[ABOUT THIS EXERCISE]
Give back every entry exactly; drop the pictures.

[DATA]
⟨
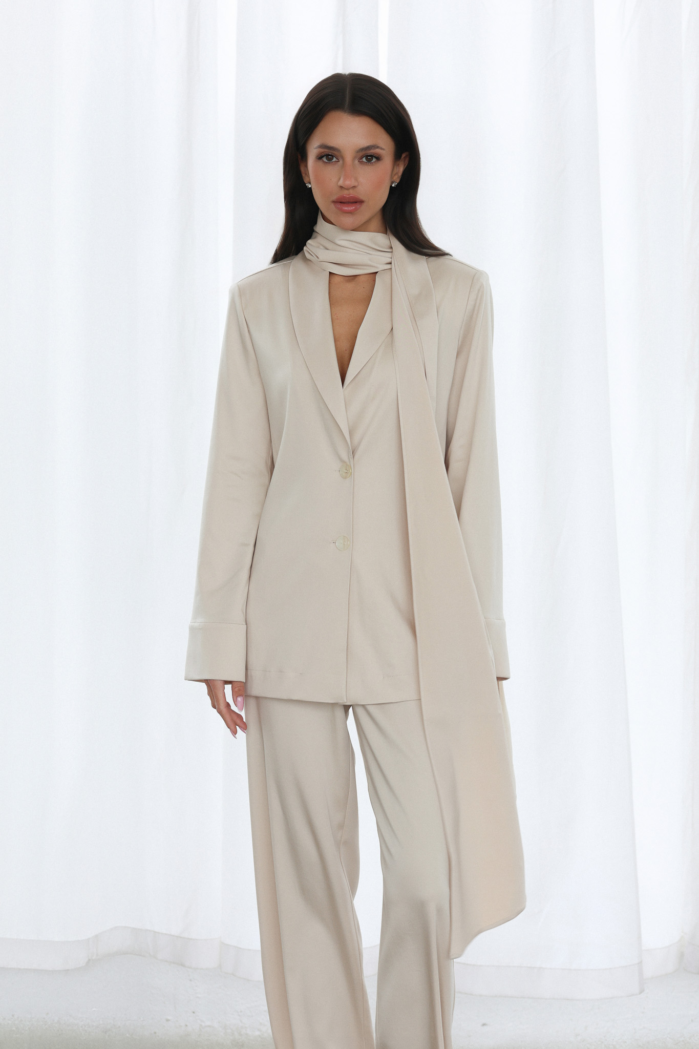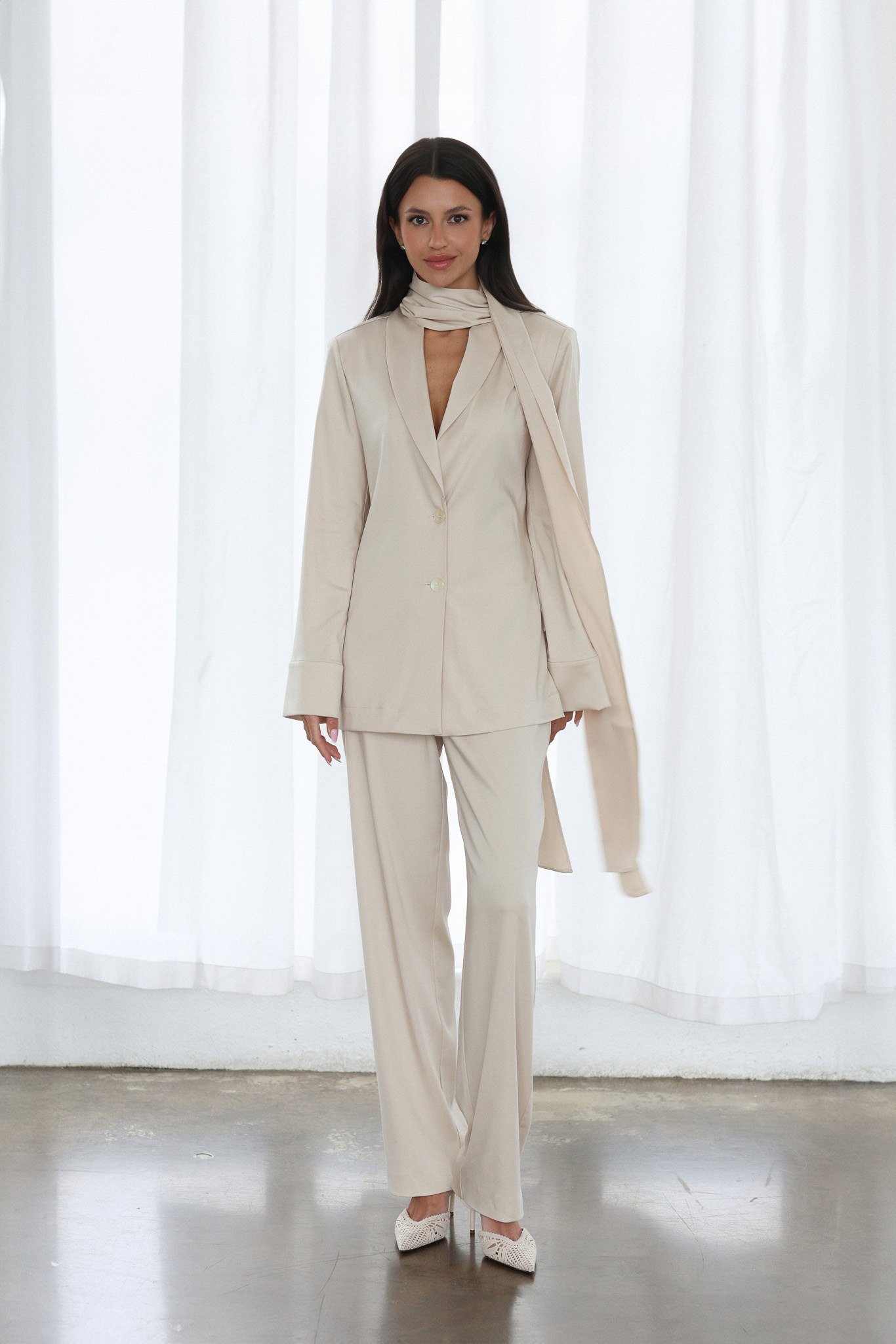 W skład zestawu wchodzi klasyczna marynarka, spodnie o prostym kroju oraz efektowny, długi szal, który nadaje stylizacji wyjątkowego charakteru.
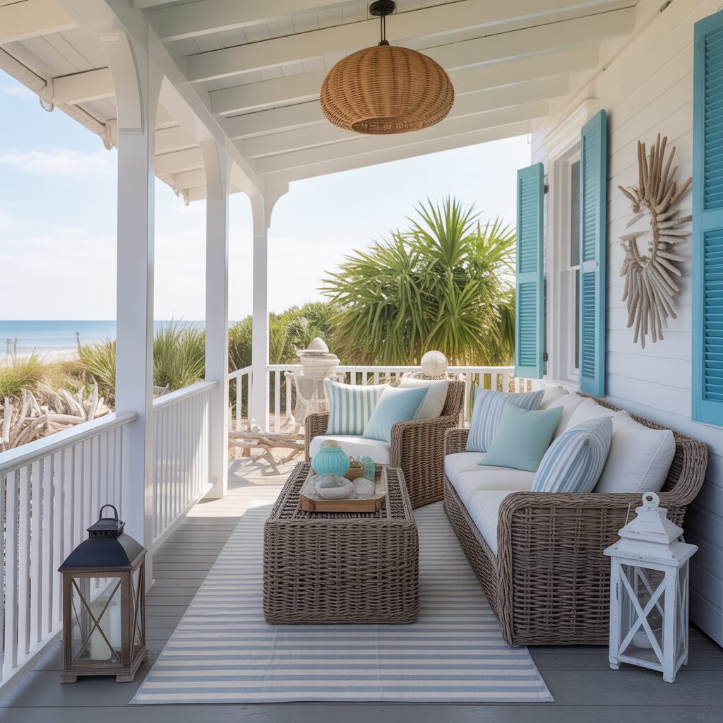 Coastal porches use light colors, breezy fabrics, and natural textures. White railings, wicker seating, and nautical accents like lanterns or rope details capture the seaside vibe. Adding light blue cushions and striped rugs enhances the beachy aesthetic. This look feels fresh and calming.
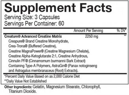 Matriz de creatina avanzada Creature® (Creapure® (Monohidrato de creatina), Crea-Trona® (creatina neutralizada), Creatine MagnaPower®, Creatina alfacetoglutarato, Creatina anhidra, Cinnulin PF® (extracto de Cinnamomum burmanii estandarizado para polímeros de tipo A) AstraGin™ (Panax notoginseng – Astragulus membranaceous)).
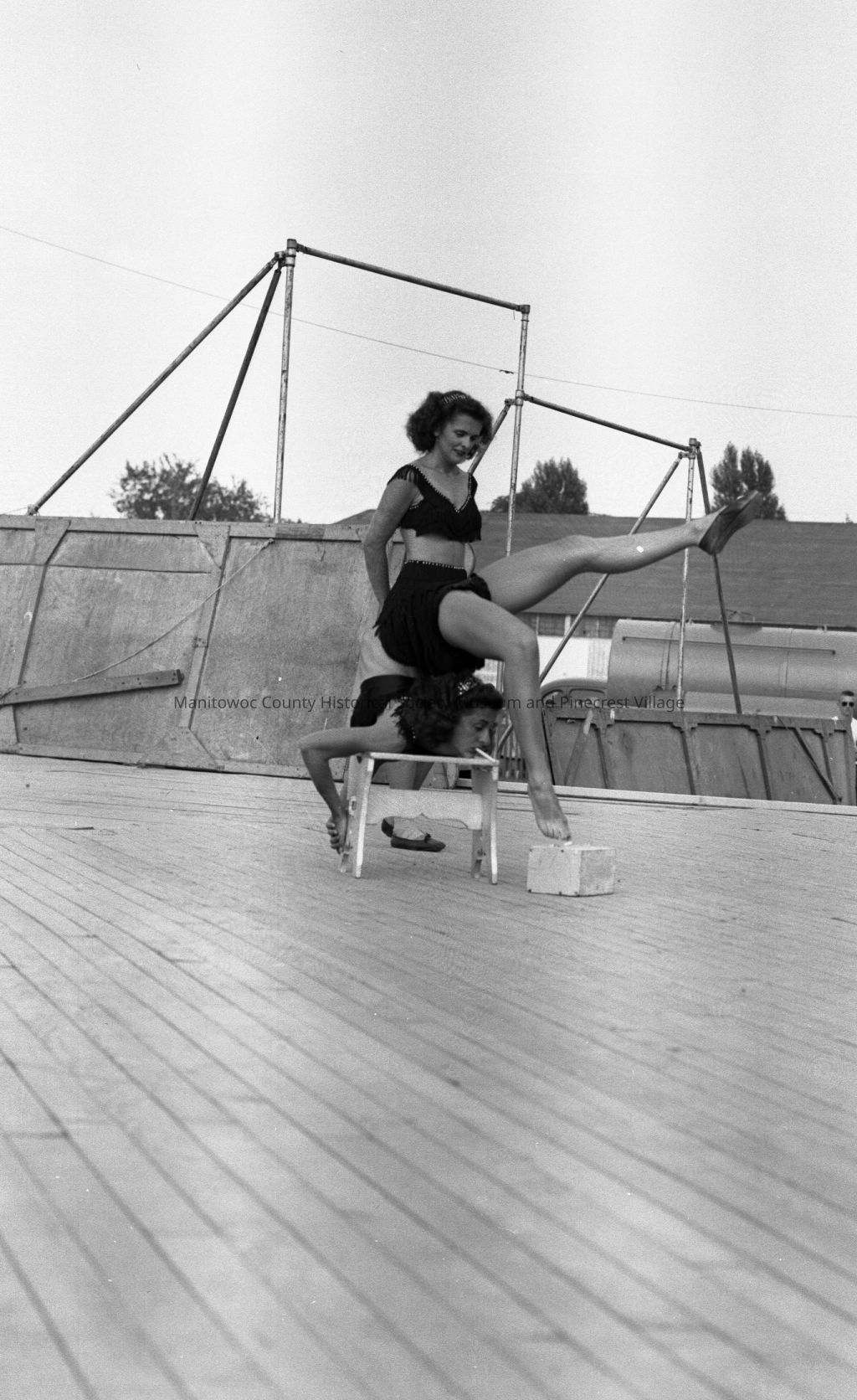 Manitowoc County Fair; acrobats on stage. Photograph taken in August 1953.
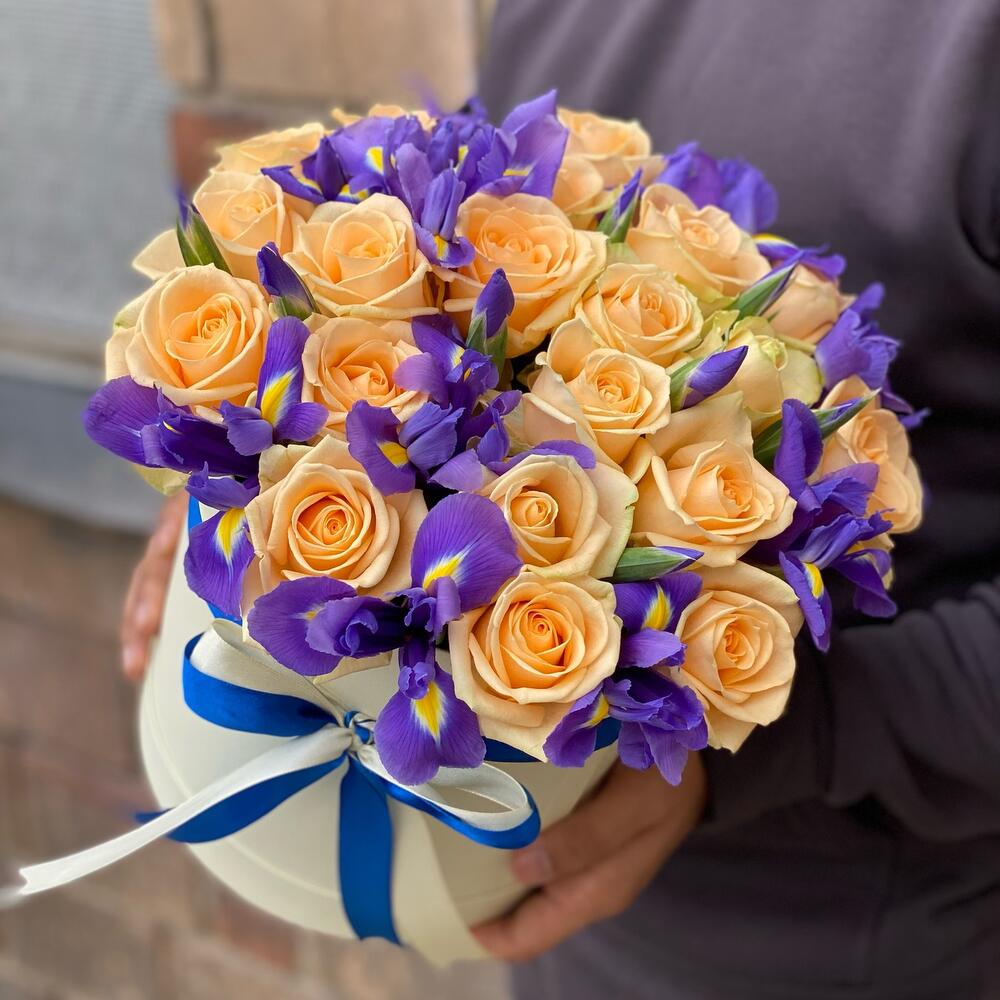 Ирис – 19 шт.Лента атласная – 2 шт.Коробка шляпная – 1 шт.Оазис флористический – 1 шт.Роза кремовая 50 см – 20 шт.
⟩
[SOLUTION TO THIS PROBLEM]
 W skład zestawu wchodzi klasyczna marynarka, spodnie o prostym kroju oraz efektowny, długi szal, który nadaje stylizacji wyjątkowego charakteru.
 Coastal porches use light colors, breezy fabrics, and natural textures. White railings, wicker seating, and nautical accents like lanterns or rope details capture the seaside vibe. Adding light blue cushions and striped rugs enhances the beachy aesthetic. This look feels fresh and calming.
 Matriz de creatina avanzada Creature® (Creapure® (Monohidrato de creatina), Crea-Trona® (creatina neutralizada), Creatine MagnaPower®, Creatina alfacetoglutarato, Creatina anhidra, Cinnulin PF® (extracto de Cinnamomum burmanii estandarizado para polímeros de tipo A) AstraGin™ (Panax notoginseng – Astragulus membranaceous)).
 Manitowoc County Fair; acrobats on stage. Photograph taken in August 1953.
 Ирис – 19 шт.Лента атласная – 2 шт.Коробка шляпная – 1 шт.Оазис флористический – 1 шт.Роза кремовая 50 см – 20 шт.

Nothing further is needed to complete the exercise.